Thematic (or ideographic) groups of words joined together by common contextual associations within the framework of the sentence and reflect the interlinking of things and events in objective reality. Contextual association are formed as a result of regular co-occurrence of words in similar repeatedly used contexts.
Thematic or ideographic groups are independent of classification into parts of speech. Words and expression are here classed not according to their lexico-grammatical meaning but strictly according to their signification, i.e. to the system of logical notions (e.g. tree - grow - green; sunshine - brightly - blue - skyj,
Hyponymy is the semantic relationship of inclusion existing between elements of various levels. Thus, e.g. vehicle includes car, bus, taxi. The hyponymic relationship is the relationship between the meaning of the general and the individual terms.
A hyperonym is a generic term which serves as the name of the general as distinguished from the names of the species-hyponyms. In other words the more specific term is called the hvponym. For instance, animal is a generic term as compared to the specific names wolf, dog, mouse (these are called equonyms). Dog, in its turn, may serve as a generic term for different breeds such as bull-dog, collie, poodle, etc.
20. Phraseology: Free word combination and phraseological word combination. The problem of definition of phraseological word combination. The essential features of phraseological units: lack of semantic motivation (idiomaticity) and lexical and grammatical stability.

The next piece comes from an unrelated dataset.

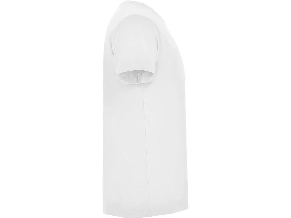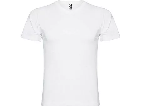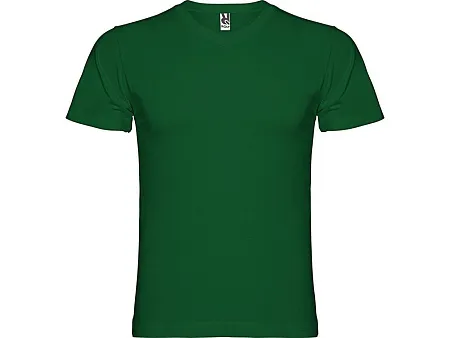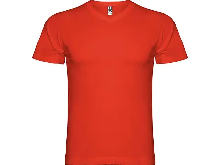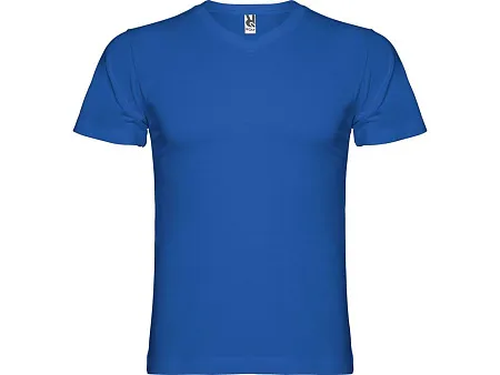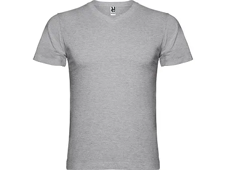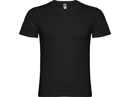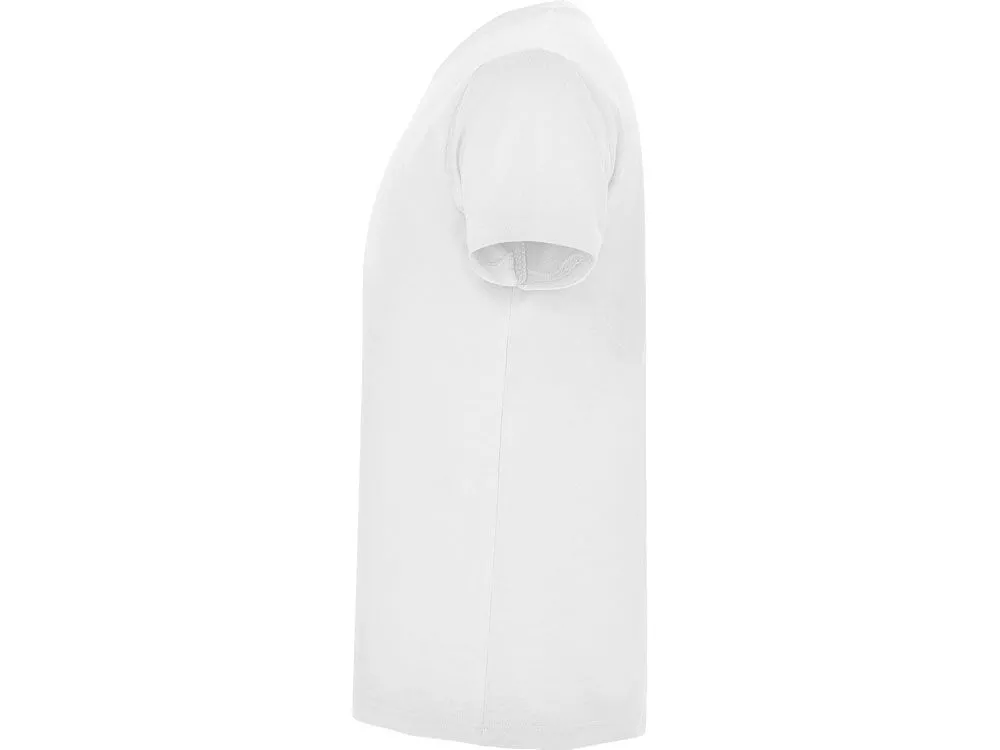 Мужская футболка без боковых швов с коротким рукавом и V-образным вырезом горловины, отделанном рибом 1х1. Горловина и плечевые швы дополнительно укреплены тесьмой.

The concept of reproducibility.
Phraseological unit is a non-motivated word-group that cannot be freely made up in speech but is reproduced as a ready made unit.
Reproducibility is regular use of phraseological units in speech as single unchangeable collocations.
Idiomaticity is the quality of phraseological unit, when the meaning of the whole is not deducible from the sum of the meaning of the parts.
Stability of phraseological unit implies that it exists as a ready-made linguistic unit which does not allow of any variability of its lexical components of grammatical structure.
1. In lexicology there is great ambiguity of the terms phraseology and idioms. Opinions differ as to how phraseology should be defined, classified, described and analyzed. The word "phraseology" has very different meanings in this country and in Great Britain or the United States. In linguistic literature the term is used for the expressions where the meaning of one element is dependent on the other, irrespective of the structure and properties of the unit (V.V.Vinogradov); with other authors it denotes only such set expressions which do not possess expressiveness or emotional colouring (A.I.Smirnitsky), and also vice versa: only those that are imaginative, expressive and emotional (I.V.Arnold). N.N.Amosova calls such expressions fixed context units, i.e. units in which it is impossible to substitute any of the components without changing the meaning not only of the whole unit but also of the elements that remain intact. O.S.Ahmanova insists on the semantic integrity of such phrases prevailing over the structural separateness of their elements. A.V.Koonin lays stress on the structural separateness of the elements in a phraseological unit, on the change of meaning in the whole as compared with its elements taken separately and on a certain minimum stability.
In English and American linguistics no special branch of study exists, and the term "phraseology" has a stylistic meaning, according to Webster's dictionary 'mode of expression, peculiarities of diction, i.e. choice and arrangement of words and phrases characteristic of some author or some literary work'.
Difference in terminology ("set-phrases", "idioms", "word-equivalents") reflects certain differences in the main criteria used to distinguish types of phraseological units and free word-groups. The term "set phrase" implies that the basic criterion of differentiation is stability of the lexical components and grammatical structure of word groups.
The term "idiom" generally implies that the essential feature of the linguistic units is idiomaticity or lack of motivation.
The term "word-equivalent" stresses only semantic but also functional inseparability of certain word groups, their aptness to function in speech as single words.